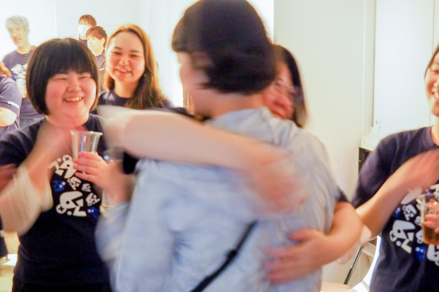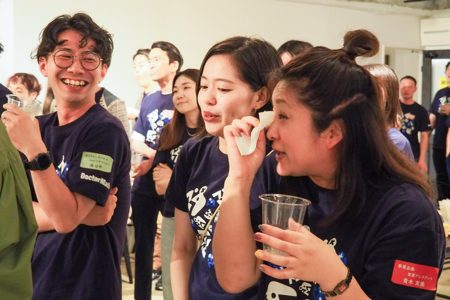 名前が呼ばれると、本人よりも早く、同じ部署のメンバーたちが大喜び!
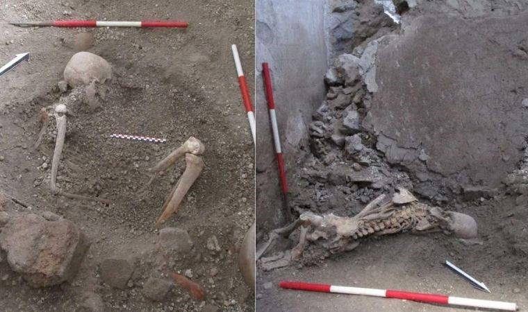 Bölgede 50'li yaşlarda iki erkek iskeleti de çıkarıldı. Bilim insanları kemiklerdeki kırık ve çatlakların, bugünkü depremlerde ortaya çıkanlara benzerlikler taşıdığını gözlemledi. Ayrıca kalıntıların küllerin altında değil üstünde bulunması da ölümlerinin yanardağ patlamasından kaynaklanmadığını gösteriyordu.
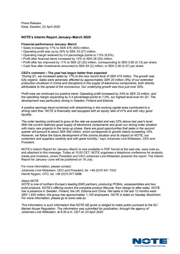 NOTE's Interim Report for January-March is now available in PDF format at the web site, www.note.eu, and attached to this message. Today at 10.00 CET, NOTE organises a telephone conference for analysts, media and investors, where President and CEO Johannes Lind-Widestam presents the report. The Interim Report for January-June will be published on 16 July.
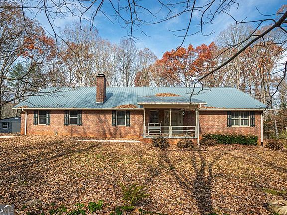 Beautiful 4BD/3BA all-brick ranch on nearly 2 wooded acres with a totally repainted main floor and gorgeous seasonal views! Enjoy 3/4-inch thick real hardwood floors, solid-surface countertops, travertine backsplash, custom solid-oak cabinets with slide-out shelving, smooth ceilings, crown molding, plantation shutters, and upgraded LED lighting/fans. The living room features a brick fireplace with a Carolina wood stove insert. The daylight walk-out terrace level offers two large bedrooms, a remodeled full bath, workshop, and abundant storage. Expanded outdoor living includes a low-maintenance 1,100 sq ft TREX deck with both covered and open areas, plus fenced backyard access perfect for pets. The home is equipped with whole house surge protection, a 500-gallon propane tank valued at $1,000, Navien commercial tankless water heater, and a Carrier HVAC system with UV air purifier and a commercial-grade 4-inch filter. A 12'x16' custom workshop with 220 power and a large entrance is also included. Fantastic location walking distance to North Georgia Tech and only minutes to historic downtown Clarkesville. Well maintained and move-in ready!
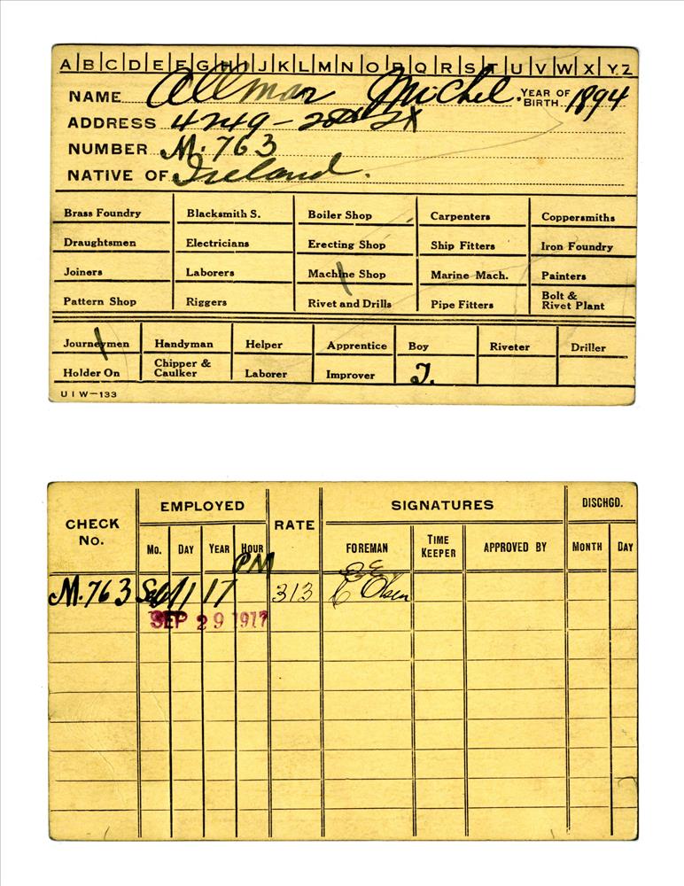 Union Iron Works Co. employee card for Michel Allmar

----

## Assigned task:
Please transcribe the whole listing above exactly, with the images left out.

## Exercise result:
 名前が呼ばれると、本人よりも早く、同じ部署のメンバーたちが大喜び!
 Bölgede 50'li yaşlarda iki erkek iskeleti de çıkarıldı. Bilim insanları kemiklerdeki kırık ve çatlakların, bugünkü depremlerde ortaya çıkanlara benzerlikler taşıdığını gözlemledi. Ayrıca kalıntıların küllerin altında değil üstünde bulunması da ölümlerinin yanardağ patlamasından kaynaklanmadığını gösteriyordu.
 NOTE's Interim Report for January-March is now available in PDF format at the web site, www.note.eu, and attached to this message. Today at 10.00 CET, NOTE organises a telephone conference for analysts, media and investors, where President and CEO Johannes Lind-Widestam presents the report. The Interim Report for January-June will be published on 16 July.
 Beautiful 4BD/3BA all-brick ranch on nearly 2 wooded acres with a totally repainted main floor and gorgeous seasonal views! Enjoy 3/4-inch thick real hardwood floors, solid-surface countertops, travertine backsplash, custom solid-oak cabinets with slide-out shelving, smooth ceilings, crown molding, plantation shutters, and upgraded LED lighting/fans. The living room features a brick fireplace with a Carolina wood stove insert. The daylight walk-out terrace level offers two large bedrooms, a remodeled full bath, workshop, and abundant storage. Expanded outdoor living includes a low-maintenance 1,100 sq ft TREX deck with both covered and open areas, plus fenced backyard access perfect for pets. The home is equipped with whole house surge protection, a 500-gallon propane tank valued at $1,000, Navien commercial tankless water heater, and a Carrier HVAC system with UV air purifier and a commercial-grade 4-inch filter. A 12'x16' custom workshop with 220 power and a large entrance is also included. Fantastic location walking distance to North Georgia Tech and only minutes to historic downtown Clarkesville. Well maintained and move-in ready!
 Union Iron Works Co. employee card for Michel Allmar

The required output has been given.